◆ Records for this task

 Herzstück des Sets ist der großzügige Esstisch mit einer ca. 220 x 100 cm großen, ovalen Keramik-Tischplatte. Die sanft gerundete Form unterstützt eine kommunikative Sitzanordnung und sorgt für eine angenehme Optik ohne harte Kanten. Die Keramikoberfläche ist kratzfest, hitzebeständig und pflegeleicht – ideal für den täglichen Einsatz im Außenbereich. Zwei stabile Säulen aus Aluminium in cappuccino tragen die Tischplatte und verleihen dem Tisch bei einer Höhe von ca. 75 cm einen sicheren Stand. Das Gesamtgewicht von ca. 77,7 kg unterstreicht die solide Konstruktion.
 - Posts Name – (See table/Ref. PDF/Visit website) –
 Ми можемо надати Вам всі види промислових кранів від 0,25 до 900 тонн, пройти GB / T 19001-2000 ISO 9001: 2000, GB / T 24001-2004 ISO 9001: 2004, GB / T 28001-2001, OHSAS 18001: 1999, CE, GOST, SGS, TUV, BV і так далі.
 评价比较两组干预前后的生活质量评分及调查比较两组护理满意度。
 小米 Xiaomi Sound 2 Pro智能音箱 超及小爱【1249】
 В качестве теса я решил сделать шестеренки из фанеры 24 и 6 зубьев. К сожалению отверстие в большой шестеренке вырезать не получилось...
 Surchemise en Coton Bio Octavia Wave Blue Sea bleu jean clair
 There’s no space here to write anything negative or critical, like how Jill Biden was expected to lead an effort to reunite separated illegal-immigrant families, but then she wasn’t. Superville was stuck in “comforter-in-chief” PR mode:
--
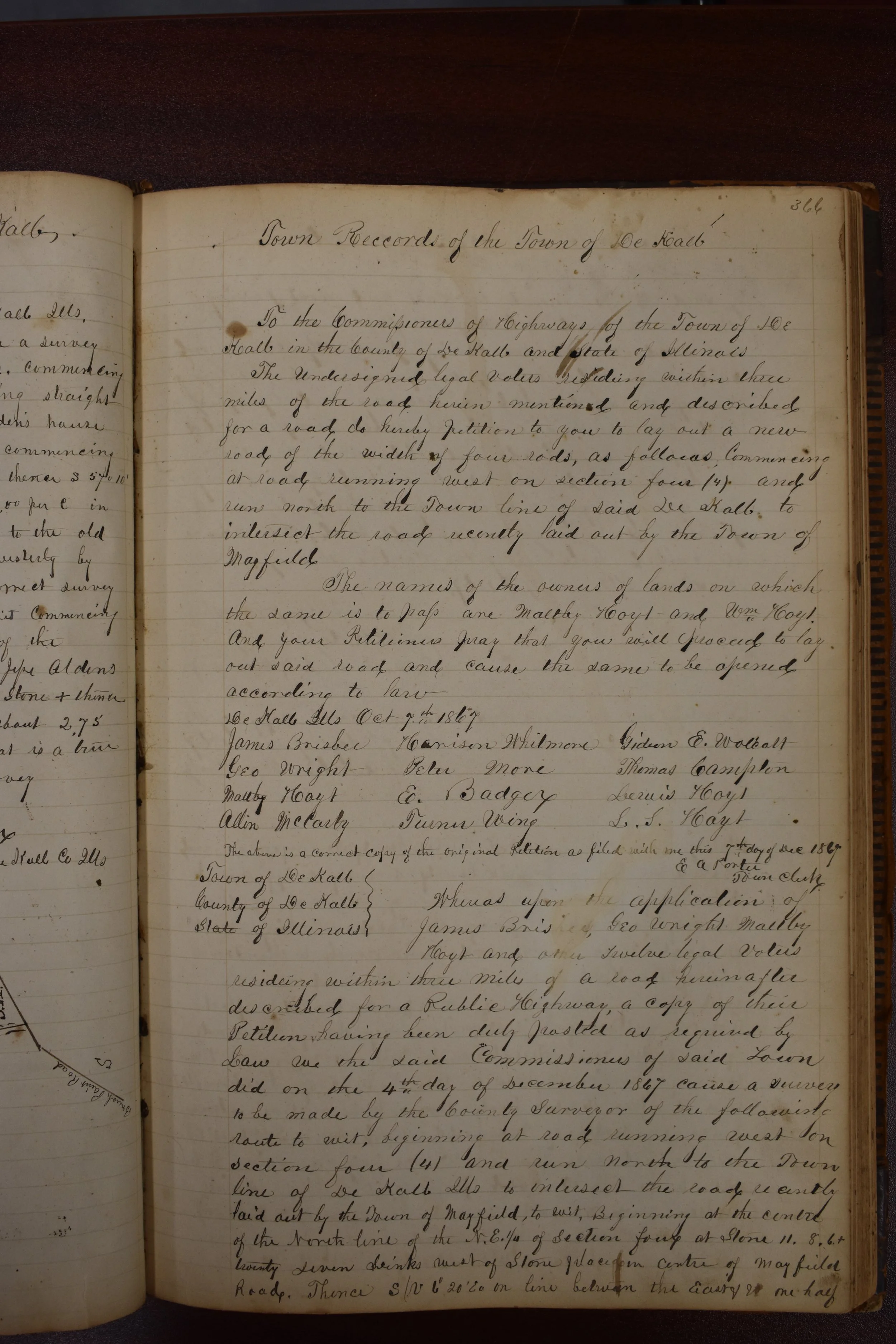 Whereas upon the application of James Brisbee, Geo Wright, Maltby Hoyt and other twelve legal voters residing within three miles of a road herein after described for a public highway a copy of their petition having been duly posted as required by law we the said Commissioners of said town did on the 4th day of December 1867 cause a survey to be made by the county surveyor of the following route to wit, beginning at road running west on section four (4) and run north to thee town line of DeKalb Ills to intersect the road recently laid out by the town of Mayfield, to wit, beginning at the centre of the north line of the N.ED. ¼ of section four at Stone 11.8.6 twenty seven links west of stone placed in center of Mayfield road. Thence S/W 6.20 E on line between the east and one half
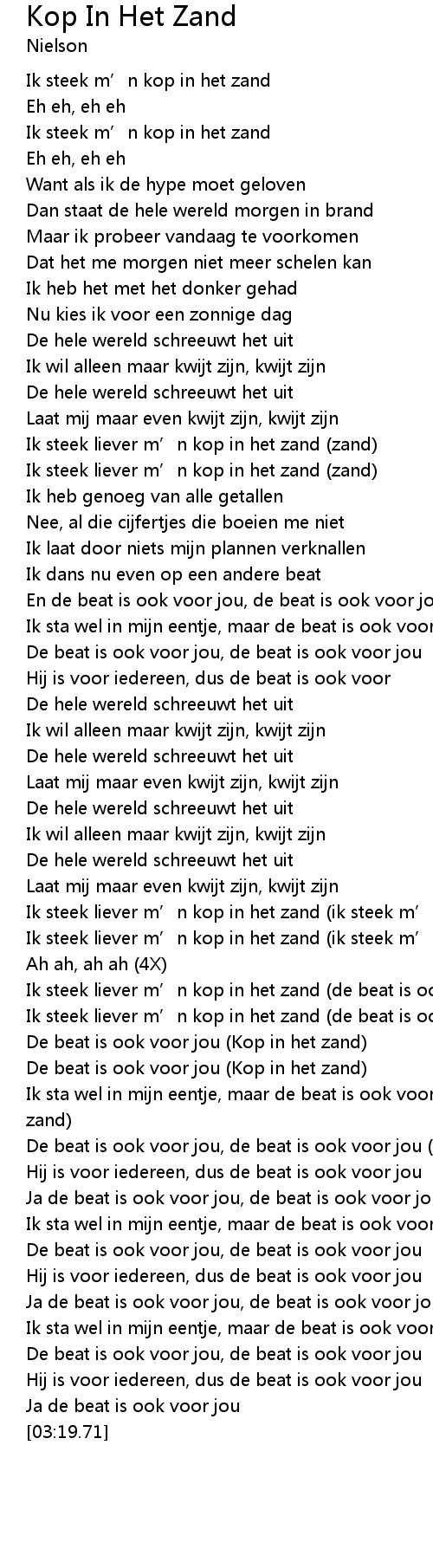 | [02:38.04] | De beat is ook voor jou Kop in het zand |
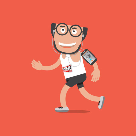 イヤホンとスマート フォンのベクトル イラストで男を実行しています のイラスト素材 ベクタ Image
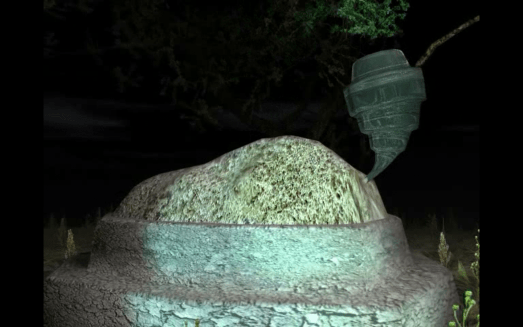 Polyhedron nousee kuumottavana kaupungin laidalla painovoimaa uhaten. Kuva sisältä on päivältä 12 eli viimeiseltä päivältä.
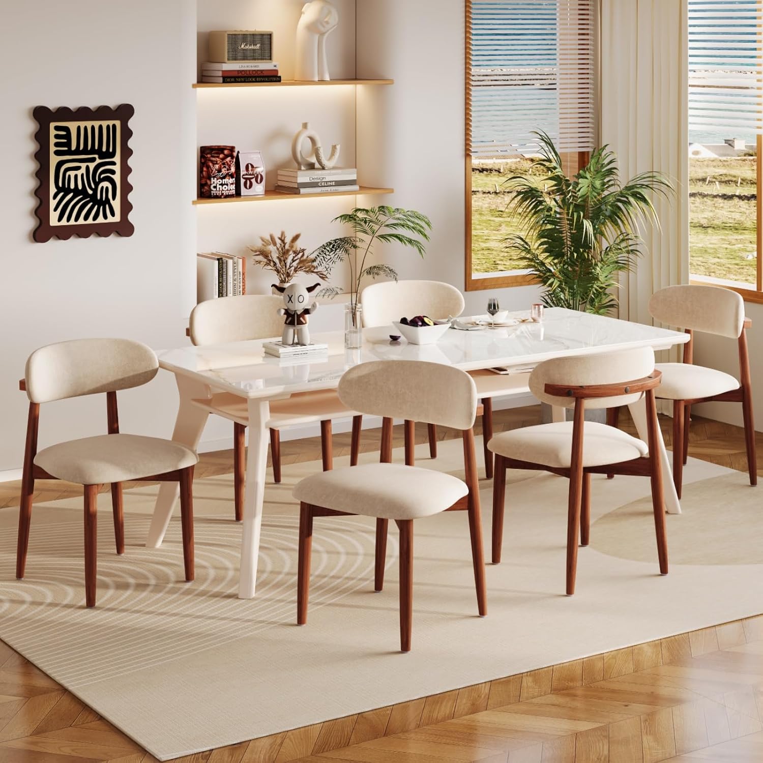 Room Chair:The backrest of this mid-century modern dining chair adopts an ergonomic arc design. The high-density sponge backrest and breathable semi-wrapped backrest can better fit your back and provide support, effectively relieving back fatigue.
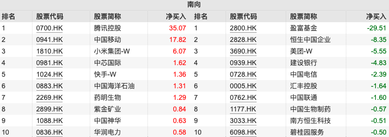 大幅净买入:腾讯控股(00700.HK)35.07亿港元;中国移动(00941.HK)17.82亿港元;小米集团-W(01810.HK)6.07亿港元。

◆ Required work
All lines above from the one with "Herzstück des Sets" to the one with "小米 Xiaomi Sound 2 Pro智能音箱 超及小爱【1249】", inclusive, should be copied exactly, and no other lines.

◆ Response to this task
 Herzstück des Sets ist der großzügige Esstisch mit einer ca. 220 x 100 cm großen, ovalen Keramik-Tischplatte. Die sanft gerundete Form unterstützt eine kommunikative Sitzanordnung und sorgt für eine angenehme Optik ohne harte Kanten. Die Keramikoberfläche ist kratzfest, hitzebeständig und pflegeleicht – ideal für den täglichen Einsatz im Außenbereich. Zwei stabile Säulen aus Aluminium in cappuccino tragen die Tischplatte und verleihen dem Tisch bei einer Höhe von ca. 75 cm einen sicheren Stand. Das Gesamtgewicht von ca. 77,7 kg unterstreicht die solide Konstruktion.
 - Posts Name – (See table/Ref. PDF/Visit website) –
 Ми можемо надати Вам всі види промислових кранів від 0,25 до 900 тонн, пройти GB / T 19001-2000 ISO 9001: 2000, GB / T 24001-2004 ISO 9001: 2004, GB / T 28001-2001, OHSAS 18001: 1999, CE, GOST, SGS, TUV, BV і так далі.
 评价比较两组干预前后的生活质量评分及调查比较两组护理满意度。
 小米 Xiaomi Sound 2 Pro智能音箱 超及小爱【1249】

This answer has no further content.